Lynette Burnley, aunt of Chad Joseph, who family members believe was killed in a U.S. military strike on a boat in the Caribbean, lights a candle at an altar for Joseph in the family home in Las Cuevas, Trinidad and Tobago, Oct. 22, 2025.
REUTERS/Andrea de Silva, file
For almost six months, people in the Caribbean have watched on as the U.S. military dished out lethal strikes on small boats allegedly fetching cocaine and other narcotic drugs in the Caribbean Sea and in the Atlantic.
Except for the incident when two Trinidadian nationals were killed by the Florida-based U.S. Southern Command late last year, most of the 130-plus crewmembers who have died in open waters appeared not to have been regional nationals. Also, most of those destroyed vessels did not wash up on regional shores nor did many bales of cocaine.
Now, authorities in the Eastern Caribbean are racing to investigate the latest military strike, as confirmed by a Southern Command announcement this week.
This is so because the remnants of a vessel have washed up near the shores of Canouan Island in the Grenadines. Canouan is part of the string of Grenadine islands in the federation of St.

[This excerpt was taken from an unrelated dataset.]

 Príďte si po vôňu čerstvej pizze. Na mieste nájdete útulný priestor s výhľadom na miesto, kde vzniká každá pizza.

Vincent and the Grenadines.
Police say that local fishermen from St. Vincent have reported seeing the partly submerged vessel in waters off the tourist island. No bodies have been seen, but St. Lucian authorities say they are worried that three locals who have been reported missing since Feb. 9 might have been on the vessel. The strike was conducted on Friday.

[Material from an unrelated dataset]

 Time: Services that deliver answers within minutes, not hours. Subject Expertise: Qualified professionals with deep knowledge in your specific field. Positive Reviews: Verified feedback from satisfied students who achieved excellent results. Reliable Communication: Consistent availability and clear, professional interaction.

“Joint Task Force Southern Spear conducted a lethal kinetic strike on a vessel operated by designated terrorist organizations. “Intelligence confirmed the vessel was transiting along known narco-trafficking routes in the Caribbean and was engaged in narco-trafficking operations.”
But as investigators get to work, media in St. Vincent are reporting that there might have been a second deadly strike, which has not been confirmed either by the U.S. military or by local officials.
“Wreckage and body parts found floating in waters between St. Vincent and St. Lucia have raised questions about whether the vessel or whether some strikes go unreported,” One News St. Vincent.com reported on Monday. “The wreckage of the vessel discovered in those waters indicates that it was a St. Lucian vessel,” the publication stated.
Neither high-level St. Lucian nor Vincentian officials have commented on the strikes and efforts to determine whether Caribbean nationals might have been the victims, as was the case when the two Trinidadians were killed in waters between Venezuela and Trinidad. Family members have since filed a wrongful death lawsuit in U.S. courts.